By making this one simple call, I was able to reduce my phone/internet bill by $26/month!!

It doesn't always work, but it doesn't hurt to try, and this time it paid off.  I'm quite happy that I attempted to negotiate a lower rate after my first failed attempt.  That one phone call, and five minutes of my time will result in an annual savings of $312 for my family!

Tuesday, July 2, 2013

Online Budgeting with Mint.com

Online budgeting has never been easier!!



Have you heard of Mint.com?  If you haven't, I highly recommend that you try it out, and here's why:

What is Mint.com?
Mint.com is an online budgeting site, but it's more than that... Mint.com gives you a realtime look at your finances via a secure internet connection.  It allows you to set up your budget and your goals, tracks your spending, tracks your goal progress, alerts you when payments are due, and gives you up to the minute accounting of your net worth!  All of this in one little website!!

How does it work?
While the setup is a little bit daunting, it's well worth the effort.  You provide Mint.com with your financial information (please note, this includes usernames and passwords for your various accounts), and it compiles all of that information in one place.  It shows you the balances of all of your cash accounts, and compares that to the balances owed on your loans, credit cards, and other obligations.  You can also input your street address, and it will calculate the value of your home and include that in your net worth. 

What are some of the benefits?
Mint.com auto-categorizes your spending based on transactions.  If you use your debit card and make a purchase of $100 at a local grocery store, Mint.com automatically recognizes the grocery store chain, and deducts that $100 from your grocery budget.  If Mint.com doesn't know how to categorize a transaction it alerts you so that you can update that information, allowing more accurate reporting.
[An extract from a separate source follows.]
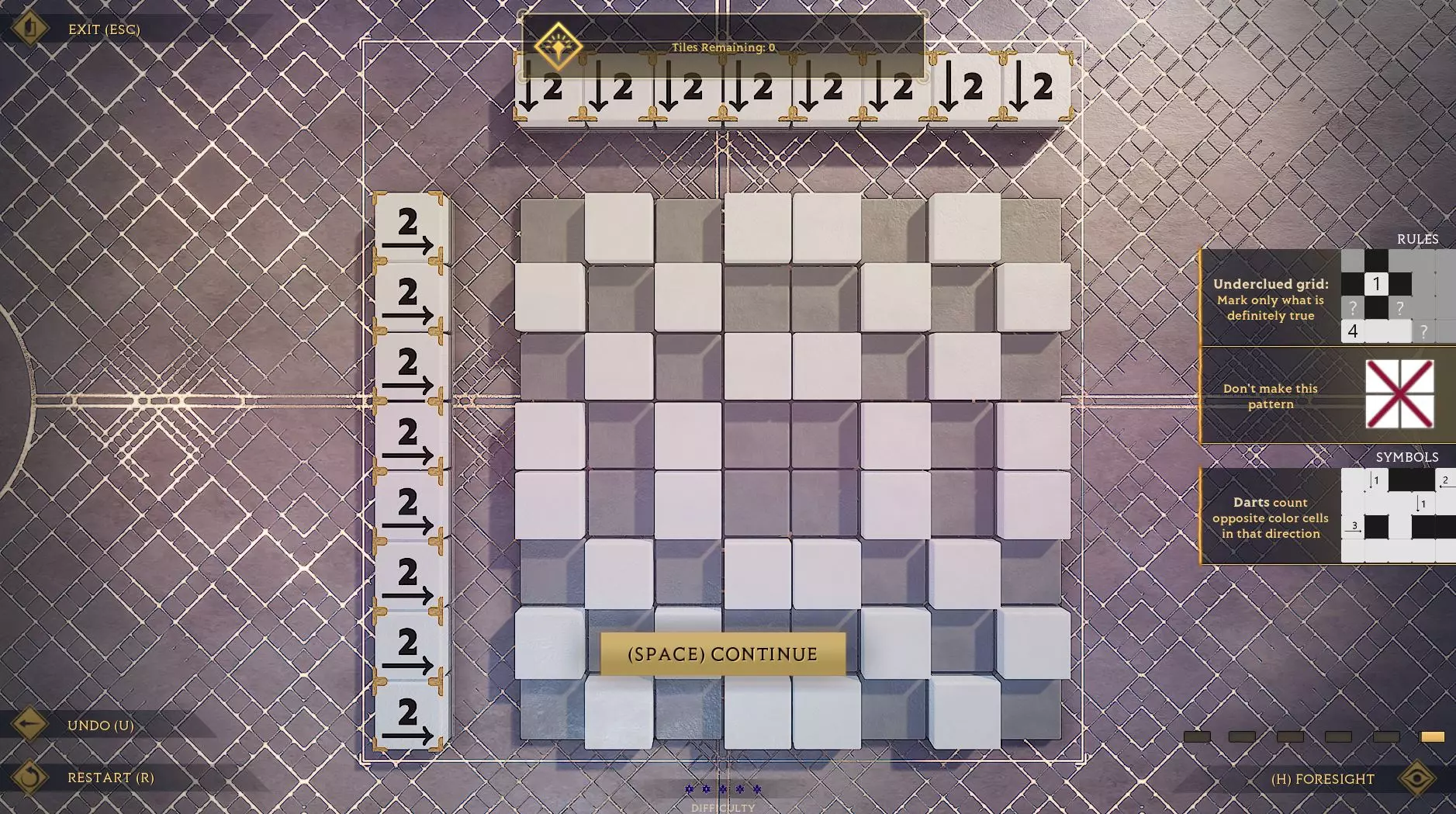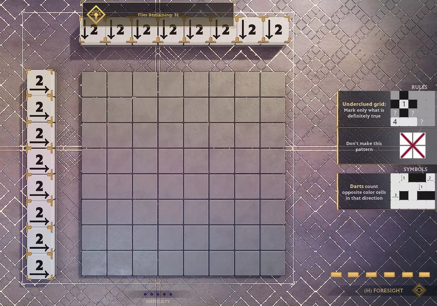 大家好。 我在所有讨论和攻略中都没找到这个谜题,而且我花了将近一个小时,在【预见】能力的帮助下才猜出来,所以我把它分享在这里。 我的统计学知识还不够好,没有【预见】能力的话根本猜不出这个规律。 希望大家玩得开心。 答案在截图的隐藏模式中,鼠标移过去就能显示。 这是空白的网格: 注意:你可能需要使用超级跳跃从下方进入这个谜题。

Aside from alerting you when a transaction needs categorizing, Mint.com will also alert you when the balance in a checking or savings account gets low, or if you have an upcoming bill due.  As well, Mint.com will offer you savings tips and ideas based on fees that you pay on your current accounts.  Ultimately, bill paying, and account choices are yours to make, but Mint.com makes it easier for you to see what your options are.

Mint.com Mobile
Not only can you access Mint.com via computer, but it is also available as an app for both Android and iPhone!  You can have access to all of your account balances at your fingertips at all times.

You no longer have an excuse for forgetting when bills are due, or inadvertantly overdrawing your checking account, Mint.com has your back on these things!  The greater advantage of Mint.com; it's completely free!  The longer you use the system, the more intuitive it becomes.  It begins to recognize your spending patterns, and allocates the transactions to the appropriate categories with more accuracy.  It's a powerful site, and a wonderful tool for keeping track of you spending and finances!